━━━ Records supplied
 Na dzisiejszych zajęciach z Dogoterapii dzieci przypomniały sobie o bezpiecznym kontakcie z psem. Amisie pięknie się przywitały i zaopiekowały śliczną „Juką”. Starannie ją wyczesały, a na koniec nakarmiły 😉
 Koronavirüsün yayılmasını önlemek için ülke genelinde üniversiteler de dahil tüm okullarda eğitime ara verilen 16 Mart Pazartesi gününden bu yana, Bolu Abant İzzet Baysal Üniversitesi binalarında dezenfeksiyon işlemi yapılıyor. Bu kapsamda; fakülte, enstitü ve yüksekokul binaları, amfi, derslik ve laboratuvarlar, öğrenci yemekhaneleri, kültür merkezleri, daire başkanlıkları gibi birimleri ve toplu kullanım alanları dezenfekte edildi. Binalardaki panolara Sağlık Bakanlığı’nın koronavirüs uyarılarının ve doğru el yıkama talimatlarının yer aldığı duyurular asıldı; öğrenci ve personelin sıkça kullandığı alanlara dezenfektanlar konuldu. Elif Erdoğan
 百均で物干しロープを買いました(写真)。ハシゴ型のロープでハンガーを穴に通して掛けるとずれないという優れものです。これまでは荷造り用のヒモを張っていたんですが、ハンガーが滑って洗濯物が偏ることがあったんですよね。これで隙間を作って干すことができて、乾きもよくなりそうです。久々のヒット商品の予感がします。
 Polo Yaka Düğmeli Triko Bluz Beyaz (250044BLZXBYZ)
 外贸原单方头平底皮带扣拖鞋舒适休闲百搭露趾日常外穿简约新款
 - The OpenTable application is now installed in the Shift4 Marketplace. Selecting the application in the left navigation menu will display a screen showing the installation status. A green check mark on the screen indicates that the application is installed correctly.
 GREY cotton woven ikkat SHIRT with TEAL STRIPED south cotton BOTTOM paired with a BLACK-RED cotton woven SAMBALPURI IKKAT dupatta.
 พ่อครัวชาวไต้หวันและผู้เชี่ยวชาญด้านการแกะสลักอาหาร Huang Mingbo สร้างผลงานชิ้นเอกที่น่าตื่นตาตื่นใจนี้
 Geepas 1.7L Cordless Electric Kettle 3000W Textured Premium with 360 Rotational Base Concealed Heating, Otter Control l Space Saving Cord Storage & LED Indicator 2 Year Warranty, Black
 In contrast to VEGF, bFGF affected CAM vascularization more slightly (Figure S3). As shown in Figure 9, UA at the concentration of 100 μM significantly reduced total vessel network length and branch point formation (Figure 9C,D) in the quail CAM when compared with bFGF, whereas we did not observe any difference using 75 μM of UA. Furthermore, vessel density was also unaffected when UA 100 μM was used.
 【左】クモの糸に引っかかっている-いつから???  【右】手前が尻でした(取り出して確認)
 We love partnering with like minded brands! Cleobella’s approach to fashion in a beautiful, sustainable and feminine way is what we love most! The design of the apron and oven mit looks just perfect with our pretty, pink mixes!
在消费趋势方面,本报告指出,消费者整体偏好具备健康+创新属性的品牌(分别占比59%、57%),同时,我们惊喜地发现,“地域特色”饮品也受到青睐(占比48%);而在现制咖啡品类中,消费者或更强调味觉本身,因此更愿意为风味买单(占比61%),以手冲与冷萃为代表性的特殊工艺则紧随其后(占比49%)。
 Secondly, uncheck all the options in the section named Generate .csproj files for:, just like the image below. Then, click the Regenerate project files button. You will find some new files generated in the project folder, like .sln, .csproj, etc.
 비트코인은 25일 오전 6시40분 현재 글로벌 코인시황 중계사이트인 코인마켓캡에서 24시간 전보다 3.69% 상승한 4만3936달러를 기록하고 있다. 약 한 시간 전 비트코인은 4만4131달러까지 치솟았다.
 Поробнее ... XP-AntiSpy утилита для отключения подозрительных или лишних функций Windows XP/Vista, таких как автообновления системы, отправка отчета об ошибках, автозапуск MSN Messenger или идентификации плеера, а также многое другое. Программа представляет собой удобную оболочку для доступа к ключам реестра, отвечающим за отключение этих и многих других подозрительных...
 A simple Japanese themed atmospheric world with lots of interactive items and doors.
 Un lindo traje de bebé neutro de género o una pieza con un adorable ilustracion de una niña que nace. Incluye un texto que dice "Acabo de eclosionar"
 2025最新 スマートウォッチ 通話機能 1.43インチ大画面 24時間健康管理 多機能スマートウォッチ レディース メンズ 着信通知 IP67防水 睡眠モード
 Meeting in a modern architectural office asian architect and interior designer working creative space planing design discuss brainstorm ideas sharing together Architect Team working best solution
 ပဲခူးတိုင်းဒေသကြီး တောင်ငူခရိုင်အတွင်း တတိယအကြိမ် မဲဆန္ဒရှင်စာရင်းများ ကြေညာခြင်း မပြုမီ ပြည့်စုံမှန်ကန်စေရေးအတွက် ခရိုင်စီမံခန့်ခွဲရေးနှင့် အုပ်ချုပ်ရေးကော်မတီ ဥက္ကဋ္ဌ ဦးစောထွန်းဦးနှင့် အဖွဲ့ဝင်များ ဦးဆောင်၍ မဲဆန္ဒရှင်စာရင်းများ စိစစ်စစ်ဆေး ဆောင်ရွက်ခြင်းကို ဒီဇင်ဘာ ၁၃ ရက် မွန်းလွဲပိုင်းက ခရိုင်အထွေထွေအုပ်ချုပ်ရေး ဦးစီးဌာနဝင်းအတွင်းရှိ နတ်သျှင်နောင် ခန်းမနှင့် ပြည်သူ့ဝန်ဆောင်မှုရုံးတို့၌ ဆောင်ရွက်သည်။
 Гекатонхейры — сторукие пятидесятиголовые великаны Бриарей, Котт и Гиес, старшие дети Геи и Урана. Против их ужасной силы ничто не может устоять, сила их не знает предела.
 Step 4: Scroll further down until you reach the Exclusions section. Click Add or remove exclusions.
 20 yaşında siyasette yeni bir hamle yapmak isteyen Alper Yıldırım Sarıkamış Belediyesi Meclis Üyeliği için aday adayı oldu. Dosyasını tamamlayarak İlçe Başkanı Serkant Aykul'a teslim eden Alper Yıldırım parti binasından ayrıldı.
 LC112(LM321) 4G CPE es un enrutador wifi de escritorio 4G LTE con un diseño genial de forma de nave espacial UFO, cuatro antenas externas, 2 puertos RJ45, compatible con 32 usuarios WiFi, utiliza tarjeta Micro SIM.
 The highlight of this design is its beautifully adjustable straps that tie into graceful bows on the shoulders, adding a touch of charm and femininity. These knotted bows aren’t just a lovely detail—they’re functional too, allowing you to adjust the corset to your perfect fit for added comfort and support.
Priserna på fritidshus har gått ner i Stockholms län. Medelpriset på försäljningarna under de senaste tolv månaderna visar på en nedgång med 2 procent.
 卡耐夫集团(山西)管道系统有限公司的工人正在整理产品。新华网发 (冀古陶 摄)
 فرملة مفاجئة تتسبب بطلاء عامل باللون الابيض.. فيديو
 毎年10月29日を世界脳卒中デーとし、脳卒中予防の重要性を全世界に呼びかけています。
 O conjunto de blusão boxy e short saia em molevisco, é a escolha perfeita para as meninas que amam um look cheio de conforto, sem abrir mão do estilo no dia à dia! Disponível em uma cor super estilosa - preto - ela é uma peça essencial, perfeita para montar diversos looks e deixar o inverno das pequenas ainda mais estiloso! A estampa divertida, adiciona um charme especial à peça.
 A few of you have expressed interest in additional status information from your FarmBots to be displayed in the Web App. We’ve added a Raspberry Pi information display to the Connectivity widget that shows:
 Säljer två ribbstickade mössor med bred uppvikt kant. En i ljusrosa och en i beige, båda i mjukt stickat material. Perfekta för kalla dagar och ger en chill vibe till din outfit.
━━━━━━
* Required action *
In the entries above, how many lines include the word "like"? Only the number should be given.

* Solution to this problem *
2